Data segment:
________

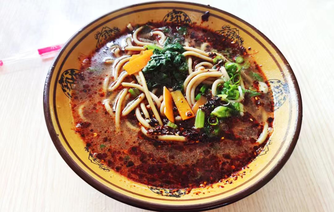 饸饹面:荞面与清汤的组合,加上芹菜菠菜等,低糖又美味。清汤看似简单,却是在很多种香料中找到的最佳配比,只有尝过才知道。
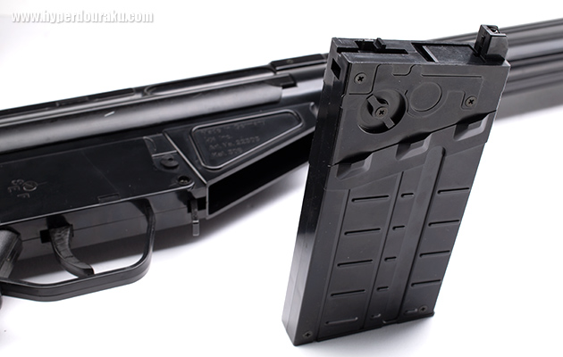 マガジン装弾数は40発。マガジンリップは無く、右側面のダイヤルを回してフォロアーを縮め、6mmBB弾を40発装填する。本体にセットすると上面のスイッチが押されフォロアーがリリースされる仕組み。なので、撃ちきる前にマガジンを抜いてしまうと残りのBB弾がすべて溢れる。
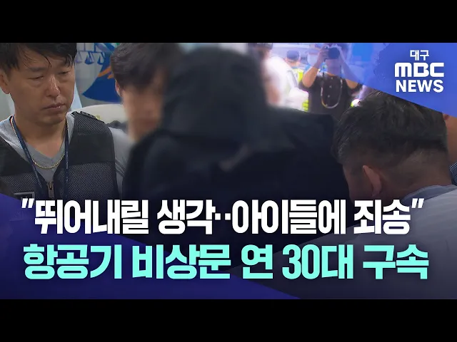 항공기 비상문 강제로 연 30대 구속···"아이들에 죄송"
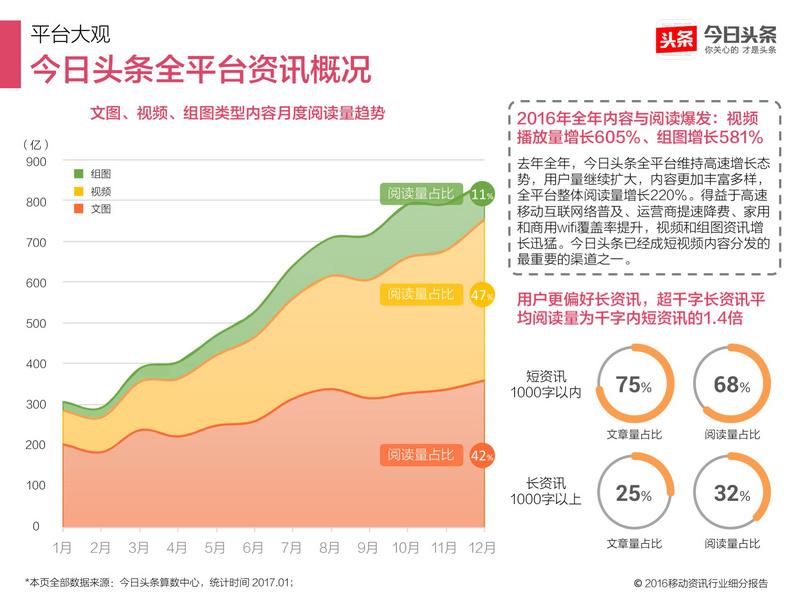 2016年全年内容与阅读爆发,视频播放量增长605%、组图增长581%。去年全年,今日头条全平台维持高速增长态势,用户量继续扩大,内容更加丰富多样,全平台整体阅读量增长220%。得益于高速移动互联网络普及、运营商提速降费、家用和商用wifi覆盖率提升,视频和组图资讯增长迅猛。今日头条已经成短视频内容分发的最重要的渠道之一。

________

Aim of the task:
Output the full material exactly as given, without its pictures.

Response to this task:
 饸饹面:荞面与清汤的组合,加上芹菜菠菜等,低糖又美味。清汤看似简单,却是在很多种香料中找到的最佳配比,只有尝过才知道。
 マガジン装弾数は40発。マガジンリップは無く、右側面のダイヤルを回してフォロアーを縮め、6mmBB弾を40発装填する。本体にセットすると上面のスイッチが押されフォロアーがリリースされる仕組み。なので、撃ちきる前にマガジンを抜いてしまうと残りのBB弾がすべて溢れる。
 항공기 비상문 강제로 연 30대 구속···"아이들에 죄송"
 2016年全年内容与阅读爆发,视频播放量增长605%、组图增长581%。去年全年,今日头条全平台维持高速增长态势,用户量继续扩大,内容更加丰富多样,全平台整体阅读量增长220%。得益于高速移动互联网络普及、运营商提速降费、家用和商用wifi覆盖率提升,视频和组图资讯增长迅猛。今日头条已经成短视频内容分发的最重要的渠道之一。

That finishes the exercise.